__THE DATA__
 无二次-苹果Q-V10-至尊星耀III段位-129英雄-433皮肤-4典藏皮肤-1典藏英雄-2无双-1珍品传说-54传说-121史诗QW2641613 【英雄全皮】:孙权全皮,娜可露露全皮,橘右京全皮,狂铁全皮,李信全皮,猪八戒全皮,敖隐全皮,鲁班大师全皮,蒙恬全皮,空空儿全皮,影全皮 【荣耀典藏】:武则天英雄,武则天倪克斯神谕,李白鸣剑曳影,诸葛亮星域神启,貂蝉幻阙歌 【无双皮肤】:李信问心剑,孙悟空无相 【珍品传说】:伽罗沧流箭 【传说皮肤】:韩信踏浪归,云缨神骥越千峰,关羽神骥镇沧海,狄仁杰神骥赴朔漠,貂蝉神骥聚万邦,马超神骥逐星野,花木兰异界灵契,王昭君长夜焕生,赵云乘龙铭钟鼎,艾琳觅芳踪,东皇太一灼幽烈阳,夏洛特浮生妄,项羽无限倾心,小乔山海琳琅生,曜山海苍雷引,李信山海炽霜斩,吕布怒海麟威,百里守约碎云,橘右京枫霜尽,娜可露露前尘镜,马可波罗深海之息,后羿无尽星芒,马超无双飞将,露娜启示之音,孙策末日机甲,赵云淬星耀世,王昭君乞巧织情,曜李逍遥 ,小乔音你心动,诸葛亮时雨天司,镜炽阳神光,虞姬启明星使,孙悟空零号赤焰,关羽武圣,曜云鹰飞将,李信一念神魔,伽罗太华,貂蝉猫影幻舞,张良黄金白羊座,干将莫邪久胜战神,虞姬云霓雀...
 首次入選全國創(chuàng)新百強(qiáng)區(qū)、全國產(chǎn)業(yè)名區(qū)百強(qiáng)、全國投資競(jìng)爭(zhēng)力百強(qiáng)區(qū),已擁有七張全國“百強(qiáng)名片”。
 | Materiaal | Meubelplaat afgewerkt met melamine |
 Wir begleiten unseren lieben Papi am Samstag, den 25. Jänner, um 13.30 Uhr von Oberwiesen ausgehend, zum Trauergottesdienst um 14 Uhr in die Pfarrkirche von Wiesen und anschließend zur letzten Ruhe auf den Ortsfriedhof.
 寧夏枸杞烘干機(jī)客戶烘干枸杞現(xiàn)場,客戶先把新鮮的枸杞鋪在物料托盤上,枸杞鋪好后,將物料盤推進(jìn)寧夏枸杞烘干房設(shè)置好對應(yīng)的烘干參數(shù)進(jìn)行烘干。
---
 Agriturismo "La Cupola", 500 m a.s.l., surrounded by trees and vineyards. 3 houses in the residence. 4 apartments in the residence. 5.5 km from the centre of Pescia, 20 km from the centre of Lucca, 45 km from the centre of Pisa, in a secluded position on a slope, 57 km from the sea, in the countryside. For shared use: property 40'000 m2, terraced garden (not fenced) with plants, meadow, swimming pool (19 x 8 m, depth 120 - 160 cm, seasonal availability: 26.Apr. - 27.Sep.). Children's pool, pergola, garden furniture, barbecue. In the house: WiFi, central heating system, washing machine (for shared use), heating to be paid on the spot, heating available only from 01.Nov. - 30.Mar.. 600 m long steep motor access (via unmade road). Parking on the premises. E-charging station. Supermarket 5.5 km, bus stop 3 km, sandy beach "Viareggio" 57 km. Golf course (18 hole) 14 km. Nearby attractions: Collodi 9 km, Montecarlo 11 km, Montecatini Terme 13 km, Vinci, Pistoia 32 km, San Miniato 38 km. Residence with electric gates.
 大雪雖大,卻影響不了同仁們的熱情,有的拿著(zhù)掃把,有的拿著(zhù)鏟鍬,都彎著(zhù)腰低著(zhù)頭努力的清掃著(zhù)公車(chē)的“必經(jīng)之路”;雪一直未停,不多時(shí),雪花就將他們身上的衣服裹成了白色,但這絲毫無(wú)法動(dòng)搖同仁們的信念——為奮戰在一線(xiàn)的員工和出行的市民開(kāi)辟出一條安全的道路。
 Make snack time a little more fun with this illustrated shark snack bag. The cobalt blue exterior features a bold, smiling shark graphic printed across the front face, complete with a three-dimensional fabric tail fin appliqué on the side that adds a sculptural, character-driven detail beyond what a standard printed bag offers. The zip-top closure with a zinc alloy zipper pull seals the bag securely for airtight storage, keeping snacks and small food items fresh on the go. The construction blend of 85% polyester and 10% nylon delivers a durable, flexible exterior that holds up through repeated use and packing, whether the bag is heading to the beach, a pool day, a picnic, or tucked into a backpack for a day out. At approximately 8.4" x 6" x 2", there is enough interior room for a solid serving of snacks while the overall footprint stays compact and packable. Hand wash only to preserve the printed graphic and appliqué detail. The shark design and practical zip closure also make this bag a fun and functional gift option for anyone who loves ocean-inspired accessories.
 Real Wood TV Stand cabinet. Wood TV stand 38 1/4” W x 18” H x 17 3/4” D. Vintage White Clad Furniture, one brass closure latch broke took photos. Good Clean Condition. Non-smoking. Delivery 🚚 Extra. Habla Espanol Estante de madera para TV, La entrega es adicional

__TASK DIRECTIONS__
The reply should consist of a single number: how many lines in the listing contain the word "xiàn".

__EXERCISE RESULT__
2